Vita più difficile per gli atenei e le facoltà meno efficienti: per quelli con i conti in rosso scatterà il commissariamento. Non potranno bandire concorsi le università che continueranno a far confluire oltre il 90% dei finanziamenti statali negli stipendi del personale. Inoltre, il 7% dei fondi che annualmente lo Stato trasferisce alle università verranno stanziati solo se darà l'assenso l'Agenzia nazionale di valutazione dell'università. Arriva poi un fondo per il merito destinato a promuovere l'eccellenza fra gli studenti universitari più bravi, che richiederà stanziamenti adeguati e da cui scaturiranno le nuove borse di studio. Rimarranno le borse di studio per studenti meno abbienti.
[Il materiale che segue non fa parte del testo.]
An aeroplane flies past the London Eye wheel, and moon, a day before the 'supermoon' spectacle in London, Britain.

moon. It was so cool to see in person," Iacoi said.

Per i ricercatori vengono introdotti i contratti di ricerca triennali in sostituzione del contratto a tempo indeterminato: al termine del secondo contratto i ricercatori dovranno arrivare all'abilitazione all'insegnamento come docente associato. In caso contrario, non potrà più continuare l'attività accademica. Anche l'incarico dei rettori comporterà un limite: dai 16 anni attuali, la riforma prevede che al massimo potranno firmare due incarichi da quattro anni. Avviate le basi per l'introduzione di un codice deontologico che fisserà in modo esplicito i doveri dei docenti. Non c'è il limite di ore inizialmente imposto ai docenti, viene invece allargata la possibilità, sempre per i prof. universitari, di svolgere attività private al di fuori degli atenei. Per quanto riguarda l'età pensionabile dei professori ordinari il limiteè stato ridotto, ma di soli due anni: da 72 a 70. Per gli associati la soglia scende a 68 anni.
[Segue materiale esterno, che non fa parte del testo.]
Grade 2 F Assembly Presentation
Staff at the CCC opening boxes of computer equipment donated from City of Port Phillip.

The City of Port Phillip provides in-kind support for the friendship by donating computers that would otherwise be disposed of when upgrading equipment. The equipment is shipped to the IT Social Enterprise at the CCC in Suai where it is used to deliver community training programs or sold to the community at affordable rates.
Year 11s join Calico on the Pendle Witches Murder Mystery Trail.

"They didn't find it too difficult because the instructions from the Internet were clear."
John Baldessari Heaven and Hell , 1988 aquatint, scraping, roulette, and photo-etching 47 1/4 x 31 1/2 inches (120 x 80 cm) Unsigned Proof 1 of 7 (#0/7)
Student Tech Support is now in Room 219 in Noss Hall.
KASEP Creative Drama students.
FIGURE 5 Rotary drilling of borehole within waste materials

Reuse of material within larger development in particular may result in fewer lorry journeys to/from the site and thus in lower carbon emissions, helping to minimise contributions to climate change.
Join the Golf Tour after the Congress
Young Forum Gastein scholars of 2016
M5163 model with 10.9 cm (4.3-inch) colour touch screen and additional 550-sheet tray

Gelmini ha definito questa riforma «epocale»: «Consente all'Italia di tornare a sperare. Il provvedimento disegna un'università più meritocratica, trasparente, competitiva e internazionale», Di avviso completamente diverso sono le opposizioni. Il senatore dell'IdV Pardi ha parlato di un progetto «non di riforma, ma di implosione delle strutture universitarie». E Luigi Zanda (Pd) attacca: «È presuntuoso chiamare questa una riforma dell'università. Impedisce a un'intera generazione di partecipare alla ricerca universitaria e mette il paese a margini della sfida internazionale».